■ Task prompt ■
Print every entry below again exactly as written, skipping the pictures.

[Records for processing — start]

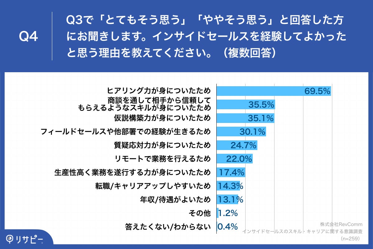 2年目以上のインサイドセールス、経験してよかった理由の最多は「ヒアリング力が身についた」69.5%
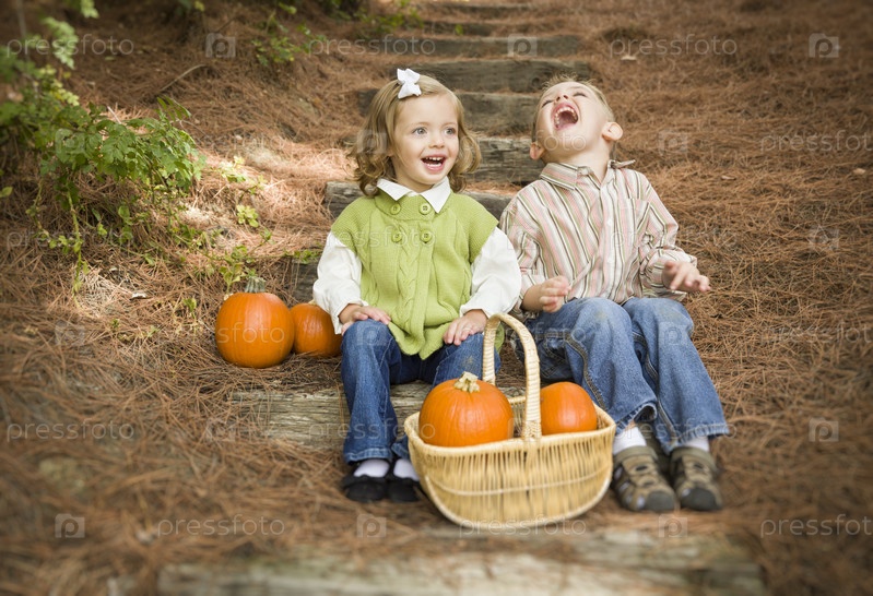 Брат и сестра сидят на деревянных ступенях с тыквами
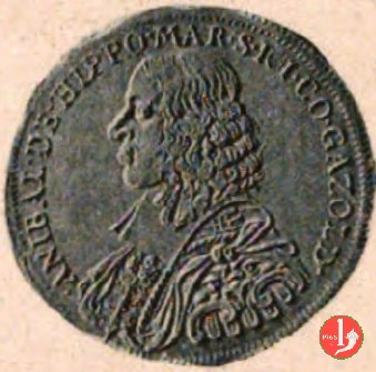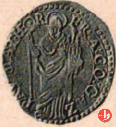 Muraiola (tipo Bologna) Dritto: PAVLVS • MATI • HER • C • GAZ Santo nimbato e mitrato, con pastorale nella mano destra e città nella sinistra. Busto di Pontefice a destra. | |
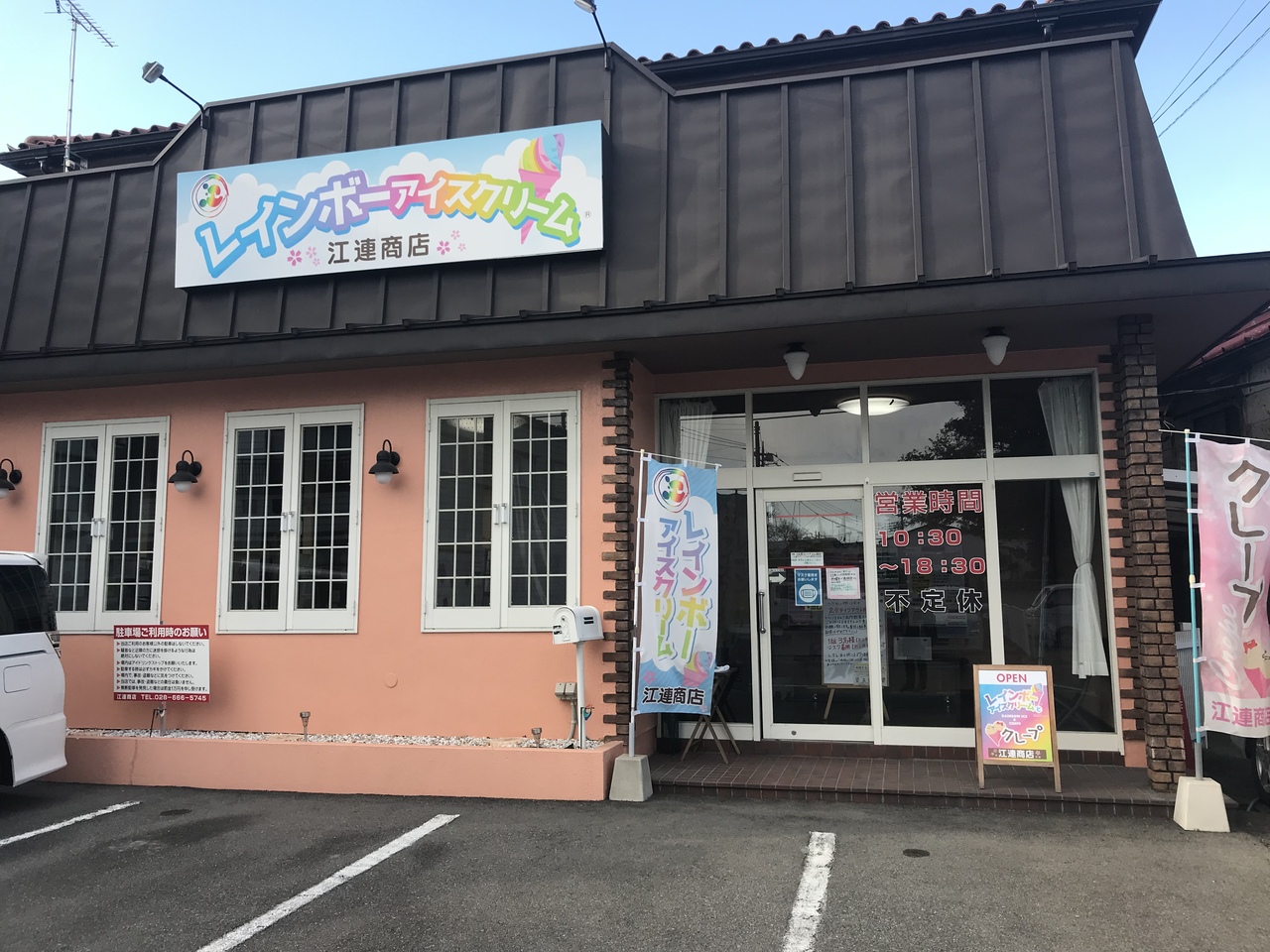 栃木県発祥・定番(他の都道府県では知られていない)のアイスだそうで、お祭りや運動会などの露店でも定番とのこと。また「レインボーアイス」「レインボーアイスクリーム」という名前はこの店の登録商標とのこと(Rマークがあった)。
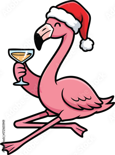 flamingo, pink flamingo, bird, tropical bird, christmas, christmas, holiday, seasonal, festive, celebration, party, cocktail, martini glass, martini, drink, beverage, toast, cheer, cute, whimsical, funny, winking, smiling, character, mascot, cartoon, illustration, vector, clip art, colourful, pink, isolated, white background, vacation, beach, resort, relaxed, drinking, new year, holiday greeting, hand-drawn
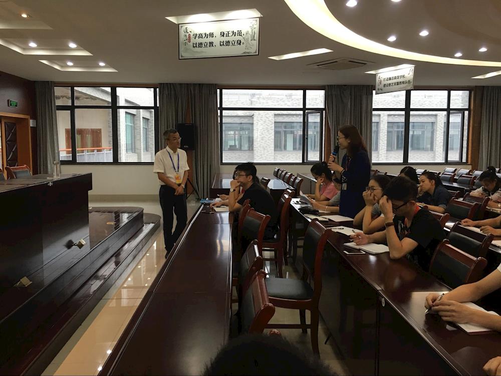 接下来,顾校长结合我校学生和教师的实际情况,借用习近平总书记提出的好教师的四有标准,解读了做一个幸福教师必备的素养。最后,顾校长向教师们推荐了两本书——霍姆斯所著的《教师的幸福感》、帕克帕尔默所著的《教学勇气——漫步教师的心灵》,还推荐了一个有关班主任工作的微信公众号,希望以此与青年教师们共同学习,共同进步。

[Records for processing — finish]

■ Reply ■
 2年目以上のインサイドセールス、経験してよかった理由の最多は「ヒアリング力が身についた」69.5%
 Брат и сестра сидят на деревянных ступенях с тыквами
 Muraiola (tipo Bologna) Dritto: PAVLVS • MATI • HER • C • GAZ Santo nimbato e mitrato, con pastorale nella mano destra e città nella sinistra. Busto di Pontefice a destra. | |
 栃木県発祥・定番(他の都道府県では知られていない)のアイスだそうで、お祭りや運動会などの露店でも定番とのこと。また「レインボーアイス」「レインボーアイスクリーム」という名前はこの店の登録商標とのこと(Rマークがあった)。
 flamingo, pink flamingo, bird, tropical bird, christmas, christmas, holiday, seasonal, festive, celebration, party, cocktail, martini glass, martini, drink, beverage, toast, cheer, cute, whimsical, funny, winking, smiling, character, mascot, cartoon, illustration, vector, clip art, colourful, pink, isolated, white background, vacation, beach, resort, relaxed, drinking, new year, holiday greeting, hand-drawn
 接下来,顾校长结合我校学生和教师的实际情况,借用习近平总书记提出的好教师的四有标准,解读了做一个幸福教师必备的素养。最后,顾校长向教师们推荐了两本书——霍姆斯所著的《教师的幸福感》、帕克帕尔默所著的《教学勇气——漫步教师的心灵》,还推荐了一个有关班主任工作的微信公众号,希望以此与青年教师们共同学习,共同进步。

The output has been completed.